Introduction: ABO incompatible kidney transplantation has expanded the living donor pool in India where there is lack of an effective deceased donor programme. Though certain studies have shown comparable short term outcomes of ABOiKT vs. ABOcKT, we have evaluated and compared medium term outcomes of the same.

Methods: 75 ABOiKT recipients (ABOiKTR)(case) and 75 age and sex matched ABOcKTR (control group) who had undergone kidney transplantation from August 2015 to August 2018 were included in this study. ABOiKTR were desensitized according to institutional protocol. They were followed up on OPD basis and on IPD admissions (if any) from September 2019 till August 2021 for 24 months in the form of clinical evaluations and relevant investigations conducted at interval of 4 months. The outcomes of both the groups were compared in terms of patient survival, graft survival, graft function,incidence of rejections and infective complications.
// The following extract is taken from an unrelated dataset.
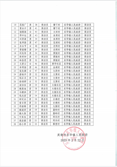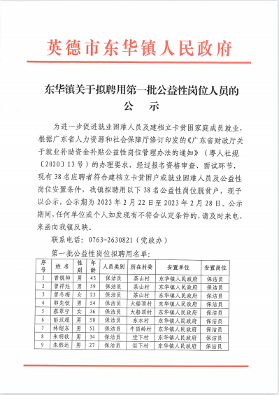 东华镇关于拟聘用第一批公益性岗位人员的公示
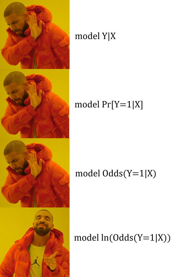- Question for a Champion: why not simply model the probability \mathbb{P}[Y=1|\mathrm{X}] as function of predictor(s) \mathrm{X}?

Results: Most of the patients (54.6%) had IgG Ab titre in the range of 1:128 to 1:512.Highest baseline titre transplanted was 4096. Patients with high titre isohaemagglutinins before transplantation had comparable medium term results with low-titre isohaemagglutinin patients. The overall duration (mean ± SD) of follow-up was 57.9 ± 10 months with a median (IQR) of 59.5(50-67) months. The graft function was excellent (S.Cr < 1.5) in 72% ABOc and 73.3% ABOi patients at the end of study period. There was no significant difference in the mean creatinine level at follow up between ABOc and ABOi groups (p>0.05).Patient survival was 93.3% in ABOc and 90.7% in ABOi transplants at the end of the study period (p>0.05). Death censored graft survival was 100% in both the groups. There were 12 biopsy proven rejections (8%) of the graft kidney (5 in ABOc group and 7 in ABOi group) with no significant difference of rejection between two groups. ACR was the most common cause of rejection (4%) followed by ABMR and mixed rejection(2.7% and 1.3% respectively). The highest prevalent serious infection was pneumonia (10.7%) followed by sepsis (7.3%), UTI (6%) and GI infection (5.3%) with no significant association between two groups (p>0.05).No cases of CMV or BKV infection was reported.

Conclusion: The medium term outcome of ABOiKT over 3-6 years was comparable with ABOcKT. Financial cost was also much less in the preconditioning protocol of our institute which included rituximab, plasmapheresis and IVIG. Thus, financially poor patients could afford kidney transplantation from blood group incompatible donors amongst the family members with similar medium term graft outcomes.